Day seven: Boscastle. 31 December 2007

It was a damp and drizzly start to the last day of 2007, but I had my sights set on getting another stage done this year, so, after checking the calendar, I realised this would be my very last opportunity.

My destination was Boscastle, which has always been famous for its picturesque harbour. It has now become world famous as a result of the disastrous events of 2004. On 16 August 2004, Cornwall’s biggest natural disaster in living memory (mine, at least) happened here. The scale of the event can be summed up by the words of a call made by the emergency services requesting more assistance: “Pass to all emergency services. This is a major incident, repeat major incident. We request all the standby aircraft available and all available land-based emergency crews as we are in danger of losing Boscastle and all the people in it”. Even now, those words send shivers down my spine. Thankfully, there is still a Boscastle. Miraculously, no lives were lost. I take a particular interest in natural disasters and extreme weather, and I have never heard of such a major incident in which lives have not been lost. Huge credit must go to the emergency services who saved many lives that day. 80 vehicles (including five caravans) and six buildings were simply washed into the sea.

I’ll talk more about my own observations of Boscastle later, but for now, back to the walking (which is probably far less interesting, I admit!).

I parked up at the top of the village in an area known as Forrabury. By doing so I didn’t have to pay the tourist prices down in the village and I could be pretty sure my car wouldn’t be washed in to the sea. Not that we were forecast that kind of rain today (thankfully).

My first task after leaving the village was to cross the Jordan Valley, which contains one of the three rivers which burst its banks on that fateful day. I wasn’t off road for long, and I soon joined a country road which brought me to Minster Church. Surprisingly large inside (capacity of approximately 150), it was set in thick woodland on a steep slope. I was not surprised to find out that it had been seriously affected by the floods of 2004 and needed major work. The church was of a similar design to all the Anglican churches I would see today: grey, pretty but uninspiring, small. I signed the visitors’ book with this blog address and left.

After this, came the best walking of the day (apart from the coast), down through some thick woodland. It was raining by now, so I had to take it easy going down the steep hill. This route took me down to the bottom of the Valency valley; the water in the Valency River was the major contributor to the floods of 2004. I stood on the new footbridge for a few seconds, wondering what the river would have looked like that day. It must have been bad to take out the old bridge. Three years on, I could still see some evidence of uprooted trees. It would have been more than a river; it would have been a raging torrent.

I walked up the other side of the valley, eating a pack of extremely stale lemon and scampi flavoured nik naks on the way – they were chewier than chewing gum. I came out at St Juliot’s Church, yet again, seemingly in a completely unhelpful location for any nearby centres of population. Very similar in design to Minster, the setting was a bit more exposed. The most interesting thing about this church is that the architect for its major restoration project in 1870 was none other than Thomas Hardy (a fact I had no idea about when I left home this morning). It was also here that he met and fell in love with his wife, Emma Lavinia Gifford. Of course, everybody knows about Thomas Hardy the writer, but only few know about this side of him. I felt like I had made a real discovery.

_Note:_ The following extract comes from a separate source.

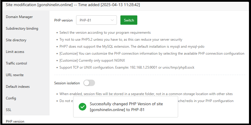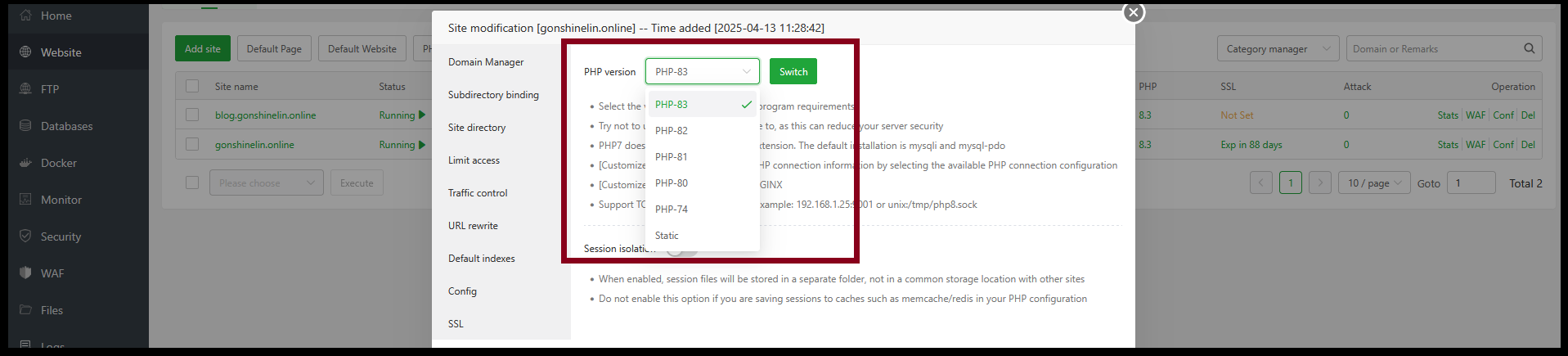 Step3. Select the desired version that you want to change. Then “Switch”.

From here, it was country road, and a steep down and very steep back up saw me reach Tresparrett. This small, modern village is the kind of place people would consider themselves lucky to live in. It is off the beaten track and has a pub and a Methodist church which seems to be active in the community. Tresparrett is proof that you don’t have to go to a place which has been unchanged for decades in order to find a proper community feel. Just around the corner is Marshgate, which contains the necessary amenities for these two small villages to be more or less self-sufficient.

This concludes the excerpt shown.